Miami heat was generated all weekend as rumors about Fidel Castro's demise whipped around. And on the Blogosphere, there was a giddy salsa dance of self-congratulation; the anti-Commie scoop of the century was being broken not by any of the sober Mainstream Media outlets, but by that queen of snark, self-appointed Hollywood 'nemesis' Perez Hilton. This unhinged Cuban-American had breathlessly blogged on Friday that, according to his exclusive inside sources, Florida police were preparing an afternoon press conference to announce Castro's death at age 81. A round of Cuba Libres and Mojitos for Calle Ocho por favor!! Caramba. As part of his "Celebrity Juice", Perez posted a photo of Fidel with "Dead" scrawled across his forehead and a podcast of a hot Gloria Estefan tune as a backbeat for gusano gloating about the passing of the "oppressive ogre."
Problem was, Castro just was not cooperating. No confirmation. Friday passed, so did Saturday and Sunday. So Perez's report of this death was, er, greatly exaggerated. It's no secret that South Florida has been panting to hear news of the ultimate "biological solution" to the Cuba conundrum for decades. And for the past year, ever since brother Raul has been appointed the figurehead in La Havana, there's been a deathwatch out on the "Bearded ONe."
When it happens-- and it will, since Fidel Castro is not a cyborg and must eventually pass away-- journos are likely to hear the news first on radio. (Or, as an SMS text on their Blackberries following reports of a sudden respectful silence of radio and television inside Cuba proper.) Hugo Chavez , Venezuela's head honcho, or the Nobel laureate Colombian author Gabriel Garcia Marquez will be among the first to know.
Trusted Cuba-watchers such as Anita Snow of Associated Press, Dudley Althaus of the Houston Chronicle, Dolly Mascarenhas and Tim Padgett of Time Magazine, or Jon Lee Anderson of the New Yorker will be the ones to break this historic news.

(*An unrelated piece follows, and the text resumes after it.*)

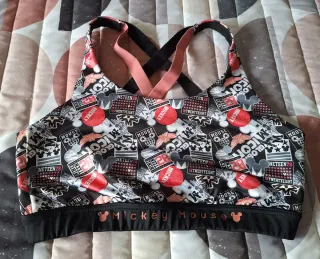 Sujetador deportivo con un divertido estampado de Mickey Mouse. - Diseño cruzado en la espalda. - Banda elástica inferior con logo. - Talla L - Marca,Disney
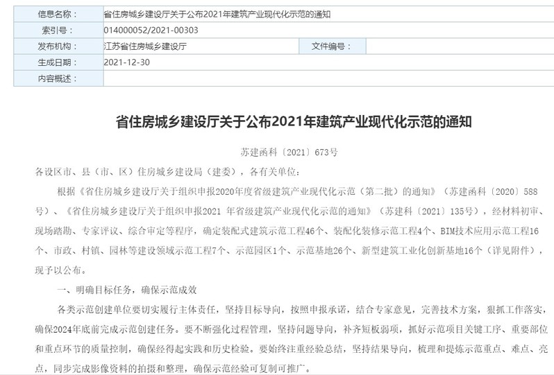 近日,从江苏省住房城乡建设厅官网获悉,由建筑工程学院组织申报的“装配式再生混凝土构件研发创新基地”获批江苏省建筑产业现代化示范新型建筑工业化创新基地,这是2021年继“智能建造虚拟仿真实训基地”获批江苏省职业教育示范性虚拟仿真实训基地后我院取得的又一省级平台项目。

Sorry Perez, best stick to the fluff. Babalulu of a premature file. It raises a yellow light about the dubious fact-checking prowess of a rumor blog which is so self-reverential it believes its own hype.
Supposedly, as a kind of rebuttal to the rumor mill, the ailing Castro has just published a signed article. But no photos or video footage of him has surfaced since June. El Barbudo is vain about his appearance, they say.